A third type of male sterility is cytoplasmatically encoded. In most cases, the cytoplasmic code is in the mitochondrial genome of the plant, and only in a few cases is the code in the chloroplast genome of the plant. The inheritance of cytoplasmatically encoded male sterility does not follow Mendelian rules but rather depends on cytoptasmic factors. The offspring obtained from crosses between cytoplasmic male-sterile plants and male-fertile plants all carry the cytoplasmic male-sterility gene and are therefore sterile. As a result, the offspring of plants of this type are only of commercial value if the economic product of the offspring is not for use as seed but rather for plants such as ornamentals and sugarbeet.
A fourth type of male sterility is the result of a combination of both nuclear encoded male sterility and cytoplasmatically encoded male sterility. The male sterility-inducing nuclear alleles are usually recessive, and only plants that contain the male-sterility cytoplasmic allele and that are homozygous for the male sterility-inducing nuclear allele are phenotypically male sterile. In this type of plant, corresponding dominant male fertility-inducing alleles or "restorers of fertility", produce a male-fertile phenotype. As a result, the male-sterile offspring of this type of plant can be made male-fertile by pollinating the male-sterile plants with pollen containing the restorers of fertility. As a result, the offspring of plants of this type are of commercial value where the economic product is seed, that is for plants such as corn, sorghum and sunflower.
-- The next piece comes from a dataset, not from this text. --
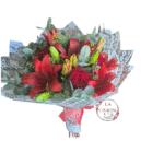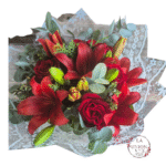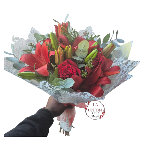 hermoso ramo con 8 tallos de flores 4 rosas y 4 lilium con follaje verde y blanco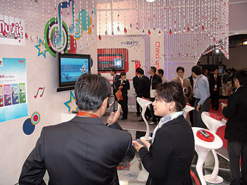 在通信展上,中國移動在展場核心區(qū)展示了面向2008年奧運會的奧運無線業(yè)務(wù)和全曲下載“音樂隨身聽”,中國聯(lián)通則重點展示了其最具特色的整首音樂下載業(yè)務(wù),吸引了大批觀眾。許多觀眾還在中國移動和中國聯(lián)通無線音樂展臺前,現(xiàn)場聆聽各種動聽的歌曲,體驗無線音樂的魅力?梢哉f,手機音樂成為手機娛樂業(yè)務(wù)中最受人們關(guān)注的亮點。

Typically, hybrid seed production has been accomplished by the large scale planting of cytoplasmic male-sterile plants and male-fertile plants and by somehow (e.g., with a distinctive marker) preventing the resulting hybrid seeds from becoming mixed with non-hybrid seeds. According to U.S. Pat. No. 3,842,538, hybrid seeds are tediously separated from non-hybrid seeds on the basis of color. According to U.S. Pat. No. 4,351,130, the problem of separating hybrid seeds from non-hybrid seeds is avoided by using short male-sterile plants and tall male-fertile plants and then destroying the tall male-fertile plants after pollination. According to U.S. Pat. Nos. 4,658,085, 4,517,763 and 4,658,084, cytoplasmic male-sterile plants are provided with a herbicide tolerance absent from the male-fertile plants which are destroyed with the herbicide after pollination. According to U.S. Pat. No. 4,305,225, male-sterile rice plants are sprayed with a growth hormone (e.g., gibberellin) in order to cause fuller emergence of flower-bearing panicles from rice leaf sheaths, thereby increasing the ability of the flowers to receive pollen from male-fertile plants.
In all such processes for producing hybrid seeds from male-sterile plants, ways have been sought for simply and inexpensively obtaining on a commercial scale: 1) high hybrid seed production from each male-sterile plant; 2) a hybrid seed population that results almost exclusively from pollen of male-fertile plants and eggs of male-sterile plants and is substantially free of non-hybrid seeds from male-fertile plants; 3) easy production of both the male-sterile and male-fertile plants; and 4) the virtually complete removal or destruction of either the male-fertile plants after they have pollinated the male-sterile plants or the selective separation of non-hybrid seeds, produced by the male-fertile plants, from the hybrid seeds produced by the male-sterile plants.